The Testament of Mary - Colm Toibin

The Testament of Mary by Colm Toibin

Review by M

The Testament of Mary by Colm Toibin (Penguin). Shortlisted for the Man Booker Prize 2013The Testament of Mary is a short novella, my edition being only 104 pages. It is shortlisted for this year's Man Booker Prize and I picked it up because it was on a 4 for 3 type offer at our local bookshop. The title itself hadn't appealed to me and I was unfamiliar with Toibin's work so it wasn't at the top of my reading list. I had no idea what it was about, but, being the Booker that often doesn't matter.

The opening pages are extraordinary. A dark, menacing and increasingly brutal mood is created and there was a scene involving rabbits and a bird that I pretty much had to skip. Still, I didn't know what the story was about and it was intriguing.

And then it clicked. This made me smile but then my relationship to the book changed because I knew the story it was based upon. This was a story that had been shoved down my generation's throat time and time again at school. It's not a story I like.

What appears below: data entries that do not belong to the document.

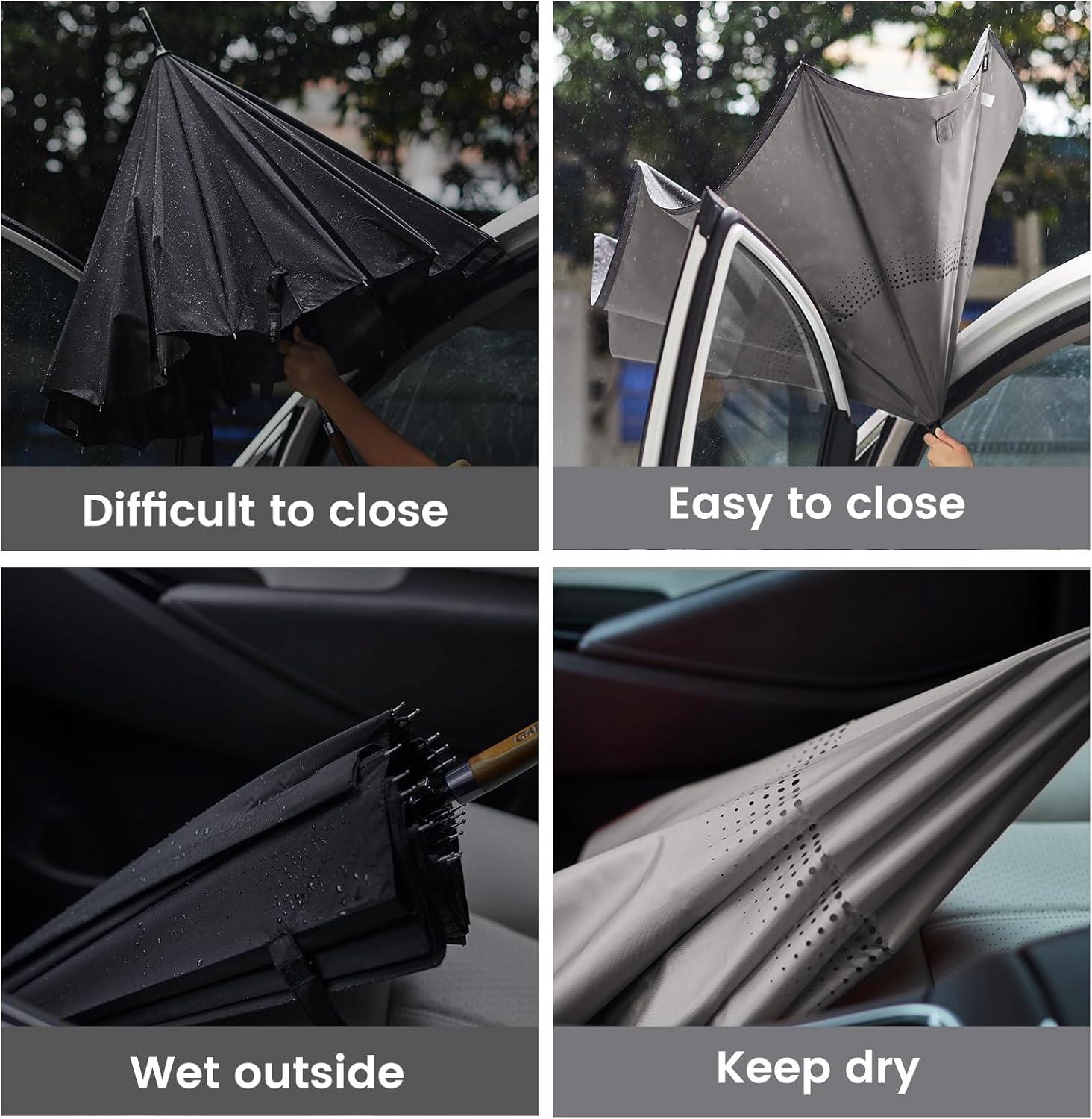 Reverse Folding Design: This upside-down umbrella closes inside out. When you close it, the wet layer will be inside the umbrella, preventing water from dripping and keeping you completely dry. You don't need to worry about the umbrella wetting your floor and mat. It stands upright by itself when not in use. Just say goodbye to the umbrella stand.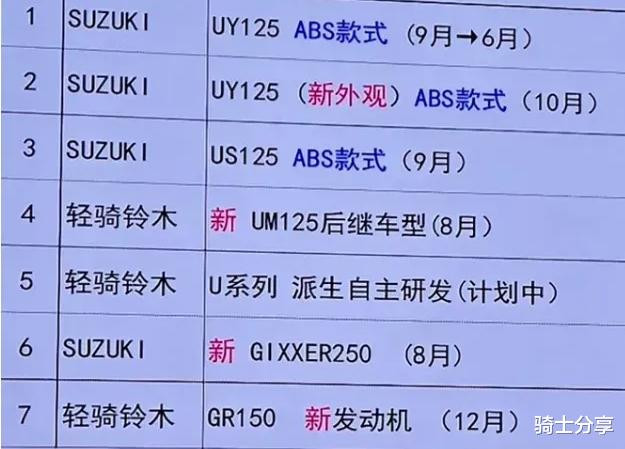 据说这是官方刻意透露的,所以可信度极高。从图片来看轻骑铃木计划在2026年至少会推出六款新车,其中包括UY125ABS版、新款UY125、新款UM125、US125ABS版、极客飒250、新款GR150。
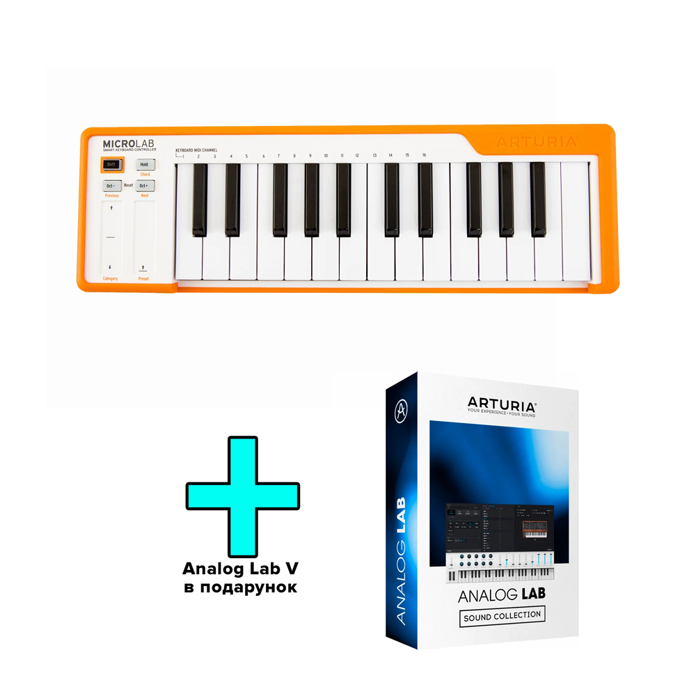 Arturia MicroLab — компактний USB-MIDI контролер. Контролер має 25 чутливих до швидкості натискання міні-клавіш - таких самих, що й на відзначених нагородами контролерах KeyStep і Arturia MiniLab MK II. Завдяки чотирьом кнопкам і двом сенсорним смугам ви можете легко перемикати октави, запускати акорди з однієї ноти, активувати сустейн, налаштовувати висоту і модуляцію, перегортати пресети і багато іншого. Клавіатура живиться від USB, причому USB-кабель поміщений у вбудований втоплений кабельний канал на корпусі, що запобігає його пошкодженню під час транспортування. Яскравий стильний прогумований корпус також захищає контролер від зовнішніх впливів. Контролер працює з комп'ютерами Mac (10.11 і вище) і Windows (7 і вище), а також мобільними пристроями і може живитися від пристроїв iOS або Android. У комплекті з контролером поставляється потужний набір програмного забезпечення Analog Lab Lite і Bitwig 8-Track для написання, запису і мікшування ваших пісень, а також більш ніж 600 попередньо встановлених звуків синтезаторів і клавішних з бібліотек V Collection і UVI Grand Piano Model D.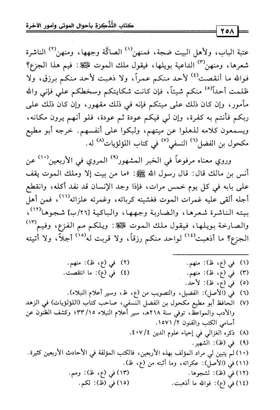 وروى معناه مرفوعاً في الخبر المشهور المروي في الأربعين «عن أنس بن مالك قال: قال رسول الله صلى الله عليه وسلم: ما من بيت إلا وملك الموت يقف على بابه في كل يوم خمس مرات، فإذا وجد الإنسان قد نفذ أكله وانقطع أجله ألقى عليه غمرات الموت، فغشيته كرباته وغمرته غمراته، فمن أهل بيته الناشرة شعرها والضاربة وجهها والباكية لشجوها والصارخة بويلها، فيقول ملك الموت عليه السلام: ويلكم مم الفزع ومم الجزع؟ ما أذهبت لأحد منكم رزقاً ولا قربت له أجلاً ولا أتيته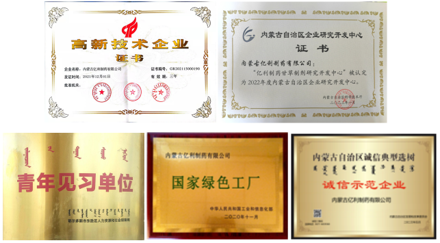 億利制藥是國(guó)家高新技術(shù)企業(yè)和國(guó)家綠色工廠,也是內(nèi)蒙古自治區(qū)指定的特藥生產(chǎn)企業(yè),2021年獲得了自治區(qū)肉蓯蓉藥食同源試點(diǎn)單位。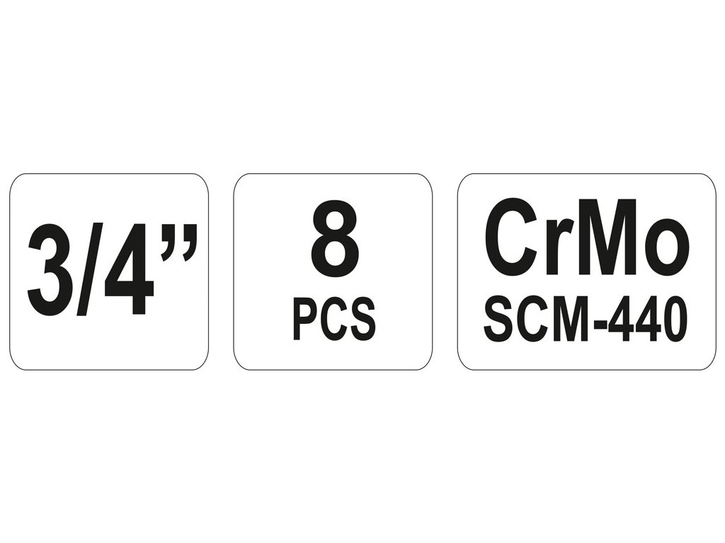 Sada nástavců 3/4" rázové šestihranné 8 ks CrMo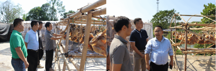 恩平市委常委、统战部部长何坚培,恩平市农业农村局党组书记、局长甄术强,那吉镇党委书记沈智慧一行与科技特派员团队深入那吉腊鸭加工作坊实地调研。腊鸭作为那吉的传统美食,承载着深厚的文化底蕴与乡愁记忆。那吉腊鸭制作技艺被列入恩平市第七批市级非物质文化遗产代表性项目名录。然而传统制作工艺面临的挑战日益凸显,如何在保持风味的同时,提升食品安全标准,让这一美味推向更广阔的市场,成为了急需解决的关键问题。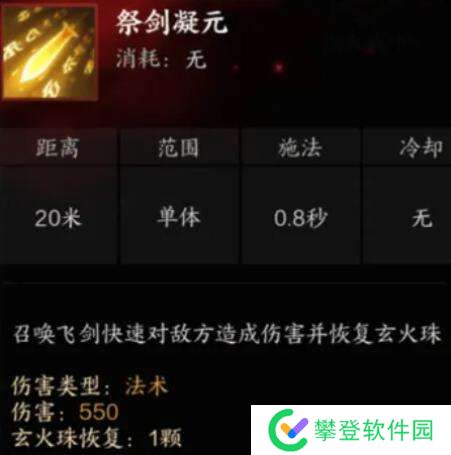 2、祭剑凝元:点出后替换驭火诀,单体技能,使用后恢复玄火珠

Of course, this is a retelling and from a different perspective: the testament of a mortal woman who experiences pain, fear and love; who explains how some stories turn into slightly different legends. We were often asked to tell this story in school, though I suspect this particular telling might not have met favour with the teachers (today, and in the UK, many of them might be more accommodating).

The opening pages are exquisite and the final pages come close. I didn't feel the middle section was as strong and the characterisation of the son remains very aloof (perhaps unsurprisingly). Mary's voice is strong, whereas perhaps once it was weak, and it is noteworthy how the book feels contemporary yet still recreates an image of a time and society from long, long ago. Overall, I felt it was a bit too drawn out for a character portrait but not long enough to hold my overwhelming interest as a story. I feel slightly ambivalent to it overall and it wouldn't be my choice for this year's winner (though I've only read two on the shortlist).

I would recommend it to other readers though, partly for what it's about, because its short length makes it a quick read and the writing is good. It is a very accessible novella and suitable for all ages.

Publication details: Penguin, 2012, London, paperback
This copy: mine

If you like suprises when you read a story, do not read on......

The story: Yes, it is the testament of Mary, recounting the time of Jesus' crucifiction: my least favourite of all the Bible stories.


  1. I knew that The Testament of Mary was a novella, but I saw the play with Fiona Shaw (yest, Harry Potter's Aunti Petunia) last winter and it was, to say the least, powerful. She made an incredible Mary, but the play didn't go its full run. It was so intense it was very hard to sit through and apparently stayed close to the novella. Fiona brought Mary to life so well, but then she does that with all her roles.

    1. Oh my goodness, Alex, I don't think I'd be able to watch it as a play! That would be very distressing. Sounds like Fiona did the novella's Mary justic though.